The primary reason why SSL is used is to keep sensitive information sent across the Internet encrypted so that only the intended recipient can understand it. This is important because the information you send on the Internet is passed from computer to computer to get to the destination server. Any computer in between you and the server can see your credit card numbers, usernames and passwords, and other sensitive information if it is not encrypted with an SSL certificate. When an SSL certificate is used, the information becomes unreadable to everyone except for the server you are sending the information to. This protects it from hackers and identity thieves.

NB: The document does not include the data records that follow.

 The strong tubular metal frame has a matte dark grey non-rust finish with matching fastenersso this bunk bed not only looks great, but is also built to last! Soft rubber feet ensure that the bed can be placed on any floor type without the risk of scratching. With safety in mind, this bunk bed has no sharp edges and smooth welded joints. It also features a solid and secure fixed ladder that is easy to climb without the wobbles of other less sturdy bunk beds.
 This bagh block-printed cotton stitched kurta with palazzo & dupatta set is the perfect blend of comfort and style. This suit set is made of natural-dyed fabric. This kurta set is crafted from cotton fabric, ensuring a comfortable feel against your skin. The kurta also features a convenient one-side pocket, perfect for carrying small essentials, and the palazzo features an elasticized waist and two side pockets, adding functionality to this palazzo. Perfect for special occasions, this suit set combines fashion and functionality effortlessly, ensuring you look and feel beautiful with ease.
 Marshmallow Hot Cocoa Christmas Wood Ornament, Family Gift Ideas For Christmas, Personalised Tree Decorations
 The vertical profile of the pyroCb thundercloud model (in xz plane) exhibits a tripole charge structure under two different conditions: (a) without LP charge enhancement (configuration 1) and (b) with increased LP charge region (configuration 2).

Visualize the internet like one of those old style Soup Can telephones....you speak into one "Can" and the string goes to a second Can and the friend on the end can hear you...any passerby cant over hear you because you are not yelling.  BUT if that passerby was malicious and they had there own tin can and string ...they could tie the string to your string ...and now they can hear everything...particularly your password. With SSL your can ties to a special box that turns what you say into gobblygook - so the evil evesdropper only overhears gobblygook, at the other end another box knows how to decode the gobblygook and retransmits it to your friend on the other Soup can.

Ok so who cares noone wants to steal my data - WRONG WRONG WRONG WRONG - most practices have names, home address, postal addresses, email addresses, pet names etc stored for over 10000 people...ignoring the sensitive medical records we are spose to protect...mailing lists like this sell very well on the net...not to mention some hackers just want to ruin all your data for kicks

But hangon my server is local I dont need it?

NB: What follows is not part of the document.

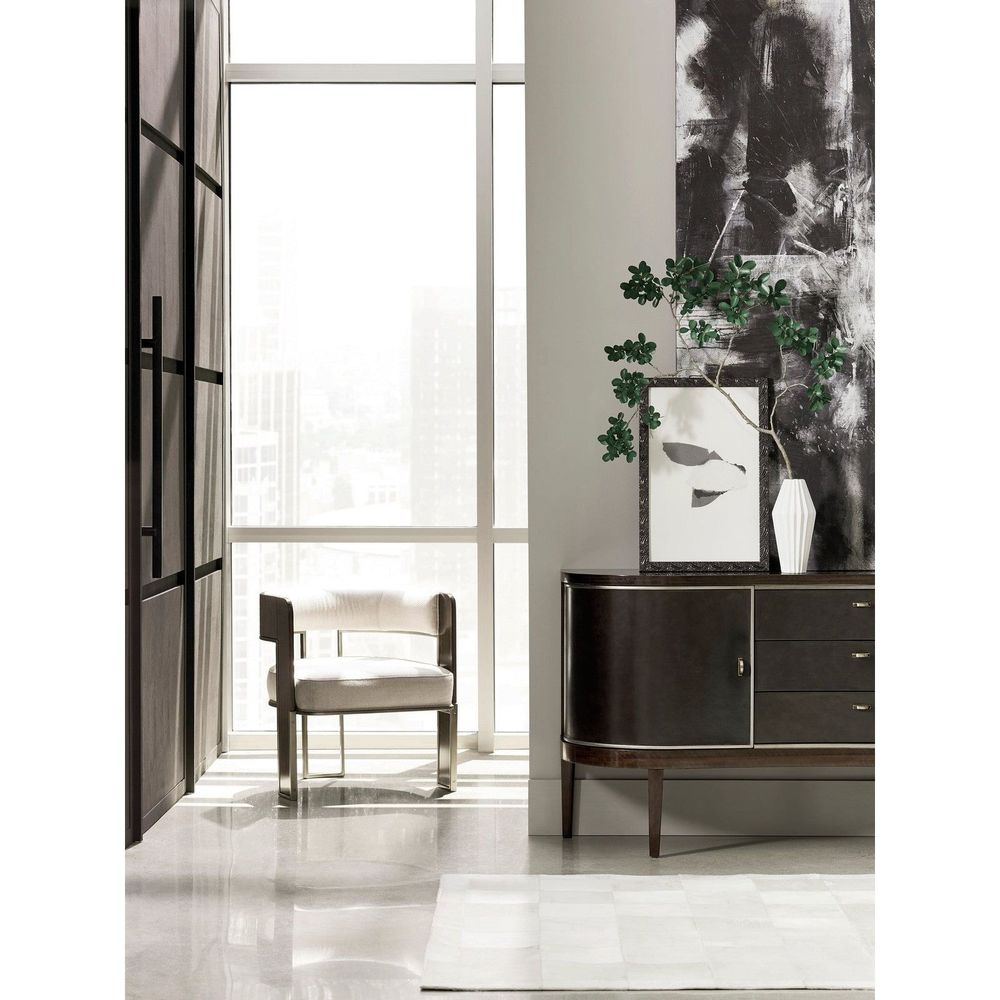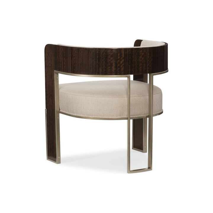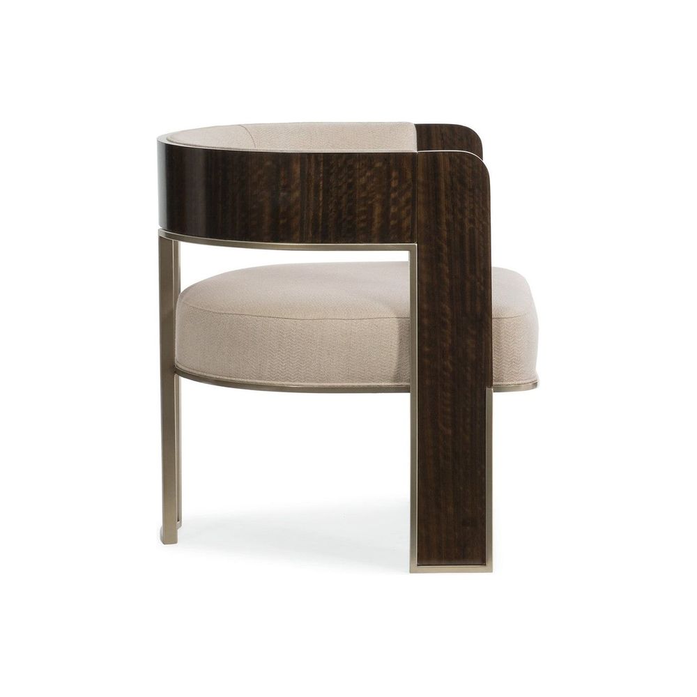 This open barrel-back chair is on the right track to becoming a future classic. The chair is suspended inside a half-moon-shaped frame of fumed figured eucalyptus wood, finished to a high sheen in Aged Bourbon. Thin Smoked Bronze metal legs support the back center of the chair and add style and stability. The inside back and tight seat are comfortably upholstered in a light cream vertical chevron fabric.

True - if you server is ONLY accessible from within the building then you probably should stop reading this and forget about it.  However if you have ever considered wanting to allow vets to access from home or while mobile, keep reading.

Ok so I want mobile access?

There are a number ways you can setup remote access to a server. 2 examples follow.

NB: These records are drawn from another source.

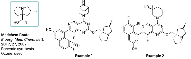 KRAS G12D is one of the most prevalent and challenging mutations to target in cancer. Therapeutics designed against this mutation typically feature a critical chiral scaffold, ((2R,7aS)-2-fluorotetrahydro-1H-pyrrolizin-7a(5H)-yl)methanol. However, existing synthetic routes to this scaffold are lengthy, suffer from low yields, and rely on hazardous reactions and costly chiral separation techniques, thereby limiting large-scale production.
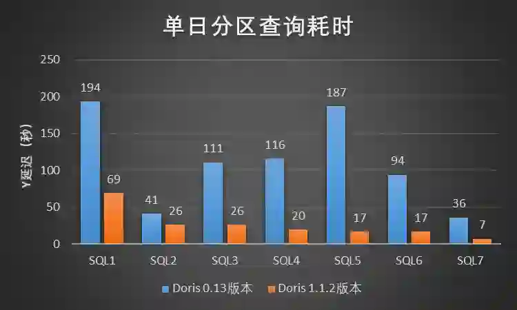 我们选择了 A/B实验场景下的 7 份 A/B 实验报告对两个版本进行测试,每份 A/B 实验报告对应小米 A/B实验平台页面的两个模块,每个模块对应数百或数千条查询 SQL。每一份实验报告都以相同的并发向两个版本所在的集群提交查询任务。测试结果如图所示,Doris 1.1.2 版本相比 Doris 0.13 版本,总体的平均延迟降低了大约 52%。在该测试中,Doris 1.1.2 版本相比 Doris 0.13 版本的查询性能提升了超过 1 倍。
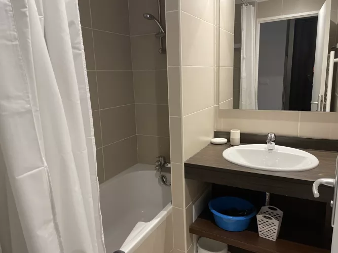 Cuarto de baño: lavabo, bañera, secador de pelo. Aseo independiente.

1. Using a VPN - whether that be a "dial in" vpn or persistant (always on)

Using a vpn generally already involves a decent level of encryption assuming someone set it up properly. 

Vpn can be tempermental and slow but they are definitely a good protection.

2. Port forwarding and using firewalls to disallow ips /macs etc

This is when you DEFINITELY want to ensure you use encryption. When your computer at homes accesses your work without encryption your password is available for anyone to see, steal and then use.  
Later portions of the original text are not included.